Records from a data source
■ ■ ■

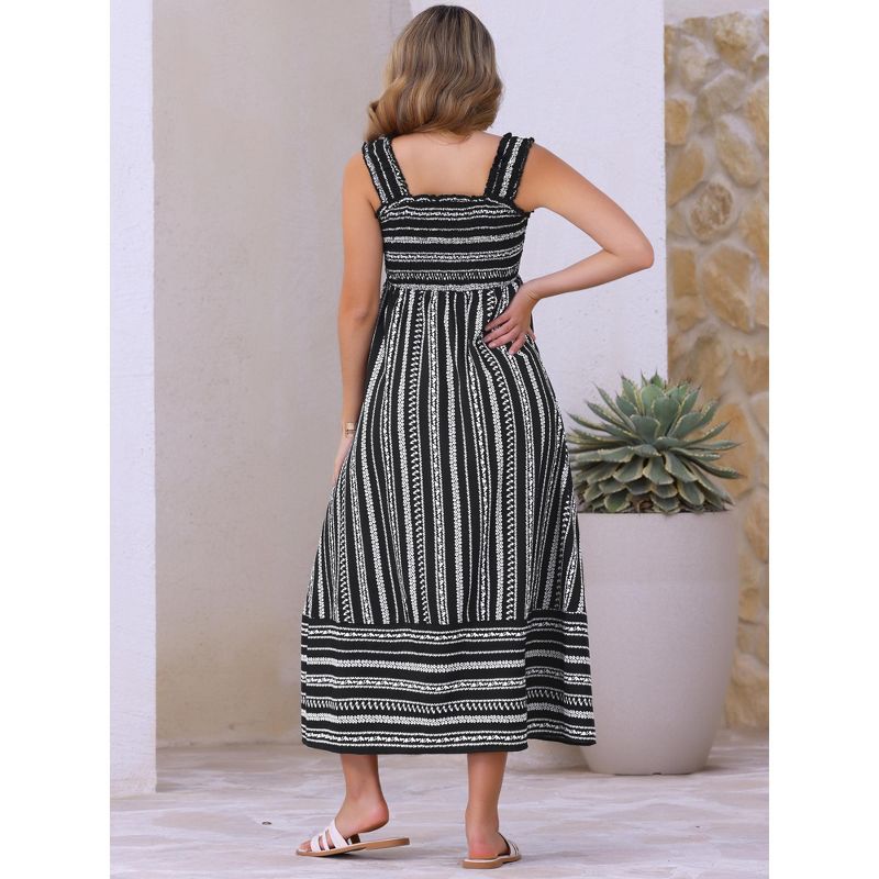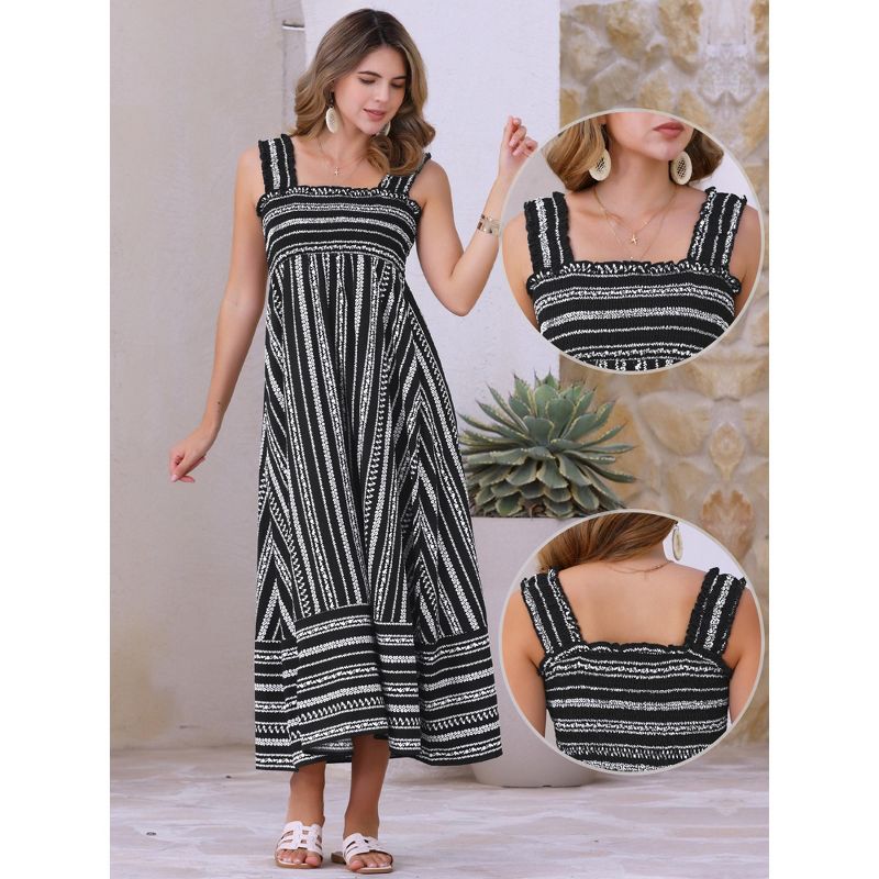 INSPIRE CHIC Women's Summer Sleeveless Smocked Printed Vacation Boho Maxi Dress Black X-Large
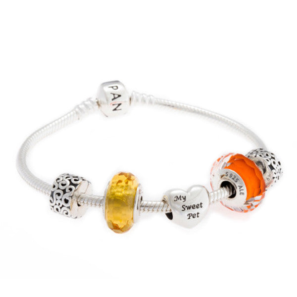 Description: Celebrate the love, loyalty, and playfulness that pets bring to our lives. This bracelet features 2 S Clips, 1“Fascinating Orange (Murano), 1 Fascinating Ochre (Gold Colored Murano), and 1 My Sweet Pet with Paw Prints (Double Sided) on a classic PANDORA bracelet. This item has, 1 x 590702HV, 1 x 791629, 1 x 791262, 1 x 791626 and 2 x 790338 6.1".
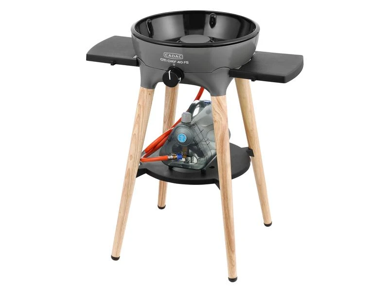 Der neue Citi Chef 40 FS aus dem Hause Cadac ist ausgestattet mit dem neuen GreenGrill keramikbeschichteten Grillrost aus Aluminium, um die Wärme ideal zu verteilen. Der kompakte Grill ist dank der herausnehmbaren, emaillierten und spülmaschinenfesten Fettauffangschale leicht zu reinigen. Die schwarzen Seitentische sind abnehmbar und verfügen über Aufbewahrungshaken, um die Grillzange stehts griffbereit zu haben. Ein Topfständer ist inklusive! So können Sie z.B. Töpfe, die CADAC Paella Pfanne oder einen Pizzastein nutzen. Betrieben mit einer Gewindekartusche mit EN417-Druckminderer, dem Cadac Power Pak oder einer nachfüllbaren Gasflasche (nicht im Lieferumfang enthalten).
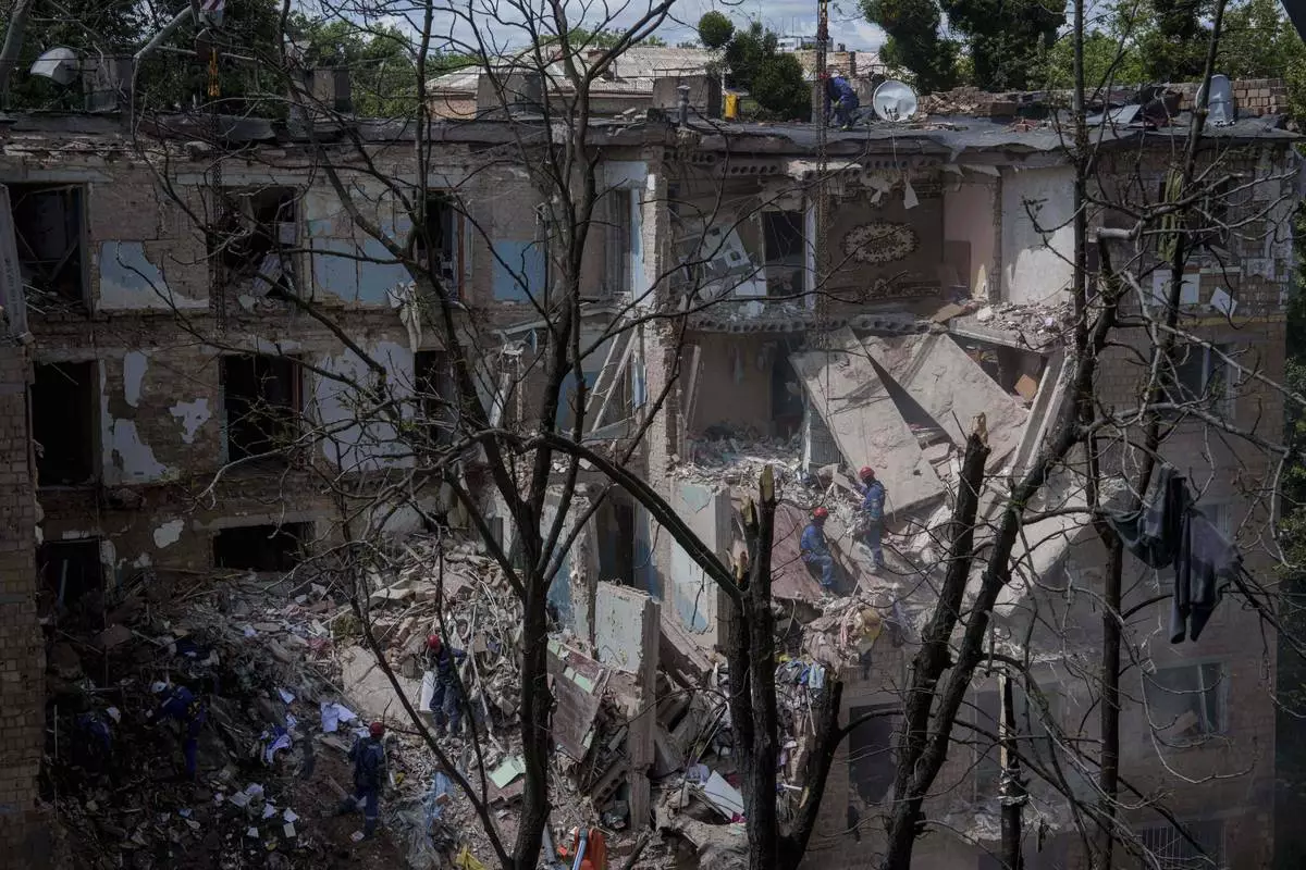 The most severe damage was in Shevchenkivskyi district, where a section of a five-story apartment building collapsed.
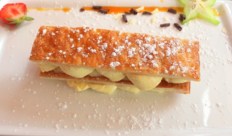- Le vivier : Ce joli restaurant est situé sur le port d’Erquy. Les patrons avaient auparavant un restaurant gastronomique et cela se ressent vraiment dans la cuisine. Avec Florent, nous avons tous les deux adoré ce que nous avons mangé. J’ai choisi des huîtres et des moules, classique mais vraiment délicieux. Surtout qu’on est fan des fruits de mer comme moi. Et Florent a choisi un menu à 23€ avec des tartines de magret et chèvre, un bon morceau de viande et un mille-feuille revisité à l’ananas et aux fruits de la passion. Vous avez des menus un peu pour tous les tarifs, ils commencent aux alentours de 18€.
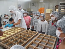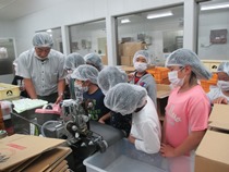 社会科の学習で、船越にある八郎めんを見学しました。大きな機械を使って粉から麺になる過程を見せていただきました。袋詰めの工程では、実際に子ども達が台紙に麺とスープを並べ、機械で袋詰めを行いました。 |
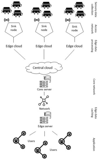Domingo [] proposed the architecture of an IoT network in three layers: (1) perception, (2) network, and (3) application. The main function of the perception layer is to identify specific objects and gather information. It is formed mainly by sensors, actuators, monitoring stations (such as cell phones, tablet PCs, smart phones, and PDAs), nano-nodes, RFID tags, and readers and writers. Depending on the type of sensor, the information to be referred can be the location, temperature, orientation, motion, vibration, acceleration, humidity, or chemical changes, among other details. The collected information is then passed to the network layer for its secure transmission to the information processing system. This network layer consists of converging, privately owned, wired, or wireless networks where the transmission technology can be chosen (e.g., 3G, UMTS, Wi-fi, Bluetooth, infrared, or ZigBee) depending upon the features of sensor devices. Its main function is to transfer the information obtained from the perception layer to the middleware layer. It receives the information from the network layer, stores it in the database, and autonomously makes some decisions based on the results and the agreed protocols. The application layer provides global management based on the object’s information processed in the middleware layer. Finally, the business layer is responsible for the overall management of the IoT system, including applications and services. In particular, this layer eventually builds management models, graphs, and flowcharts, and it proposes the future actions and operative strategies based on the data received from the application layer [].
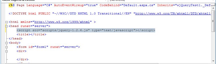 – - ให้ [ลาก /วาง] jquery-1.2.6.js จาก solution explorer มาวางไว้ที่ page เพื่อสร้าง reference ดังรูป
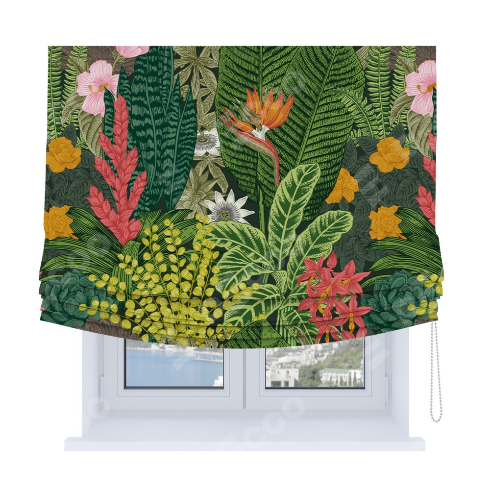 Римская штора Soft производителя «Cortin», используется для проёма, пошита из ткани блэкаут с нанесением сублимационной печати «Яркое цветение». Имеет универсальный механизм и подходит для монтажа: на потолок, на стену и в нишу. В отличие от стандартных римских штор, римская штора Soft не имеет горизонтальных вставок и нижнего отвеса. Это позволяет ткани произвольно драпироваться в свободные мягкие складки.

■ ■ ■

§ **THE TASK**
Word for word, write out the lines from the top of the records above down to the line holding "Description: Celebrate the", inclusive, but not the pictures.

§ **ANSWER TO THE EXERCISE**
 INSPIRE CHIC Women's Summer Sleeveless Smocked Printed Vacation Boho Maxi Dress Black X-Large
 Description: Celebrate the love, loyalty, and playfulness that pets bring to our lives. This bracelet features 2 S Clips, 1“Fascinating Orange (Murano), 1 Fascinating Ochre (Gold Colored Murano), and 1 My Sweet Pet with Paw Prints (Double Sided) on a classic PANDORA bracelet. This item has, 1 x 590702HV, 1 x 791629, 1 x 791262, 1 x 791626 and 2 x 790338 6.1".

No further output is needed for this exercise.